Professor Richard J. Gelles, a professor of family violence at the Social Work School, University of Pennsylvania, thinks "CAPTA (Children Abuse Prevention and Treatment Act) could be more effective if social-worker training was improved, and if children and families were monitored more closely."

Uh, pardon me professor Gelles ... what exactly is it that the UP Social Work School trains them to do? Gosh, isn't that your job?

"State and federal governments are funding only half of the $5.2 billion it costs to do the job, child welfare expert Charles Wilson told the House Education and Workforce subcommittee on select education last week."

Pardon me, Mr. expert Wilson, does anybody know exactly how much of the taxpayer's dollars are currently being appropriated to fund Child Protective Services (DHHS-CPS)? The last time I checked, it was extremely difficult to nail that figure down, but the best estimate I could conjure was about 285 $Billion.

" 'The incidence of child abuse and neglect exceeds the capacity of our system to respond,' said Mr. Wilson, who spoke on behalf of the National Child Abuse Coalition and the National Call to Action child-abuse prevention group."

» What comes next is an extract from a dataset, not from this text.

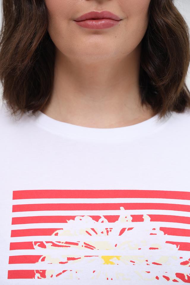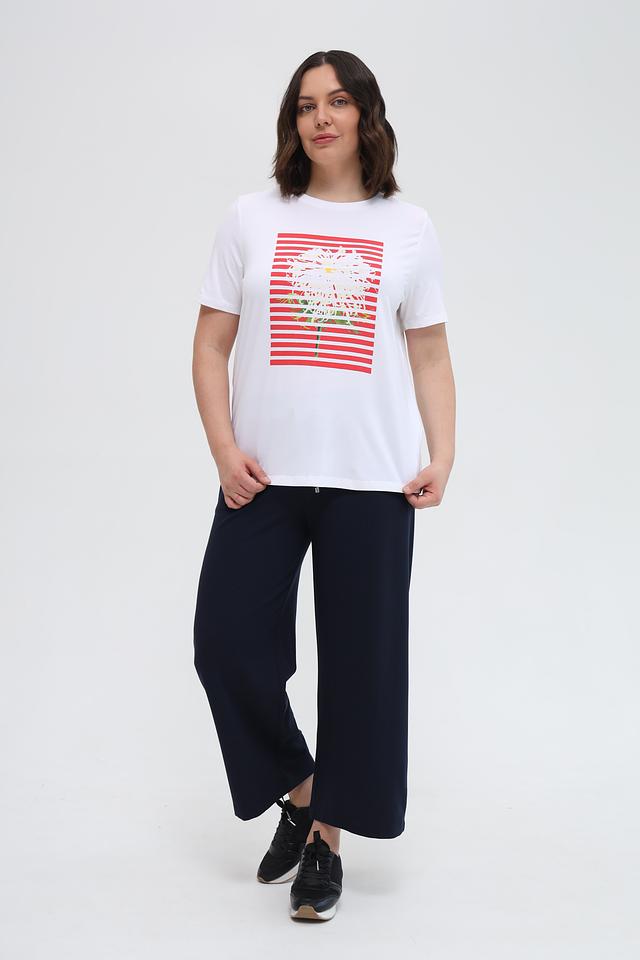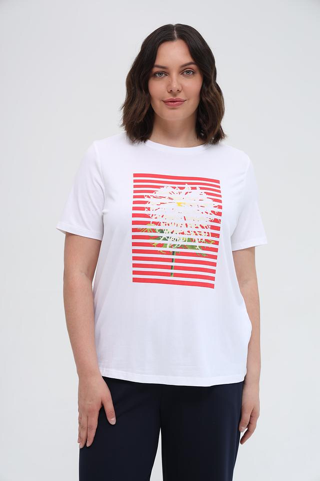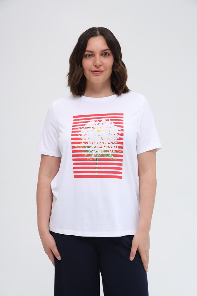 Белая футболка Samoon с ярким принтом в красную полоску. Модель свободного кроя выполнена из мягкого и приятного к телу модала с добавлением хлопка и эластана. Состав: модал 50%, хлопок 45%, эластан 5%

Let me ask another question, Mr. expert Wilson. To which "incidence / capacity" are you referring? Is it the actual incidence of child abuse, or the rate of reports of child abuse? According to the 1994 NCANDS report (DHHS — National Child Abuse and Neglect Data System), 86% of all allegations of abuse were unsubstantiated. Crunching the numbers, it turns out that 99.1% of American children are not victims of abuse. That leaves about 610,000 children at the mercy of DHHS/CPS determinations — maybe. Because DHHS interprets each report of child abuse as an individual case, it could also be that 100,000 children are being reported as abused 6 times. It is also true that if one child suffers multiple forms of abuse, those are also counted as individual reports.

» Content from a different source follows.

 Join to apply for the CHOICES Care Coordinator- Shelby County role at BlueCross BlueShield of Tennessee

If even one child is brutalized, we must make an effort to intervene; unquestionably. But what if the effort is ineffectual?

If we really are talking about 600,000 individual cases here, that means that the reported current $5,200,000,000.00 expenditure allocates slightly less than $9000.00 per child victim. Let's say that the average CPS Social Worker is paid an average annual salary of $35,000.00. Then let's cut that figure in half to pay for buildings and supervisory staff. Does that mean that the demands of individual cases are so great that each worker can only attend to two victims per year? I'm confused.

Are those books I smell cooking?

Now here comes the real tough question. If there was a single solution that would eliminate sixty percent of child abuse would anyone at DHHS want to hear about it?

Apparently not, because the solution I speak of is the intact biological family. The potential for abuse is grossly reduced when a child is living in an intact family with both of their biological parents.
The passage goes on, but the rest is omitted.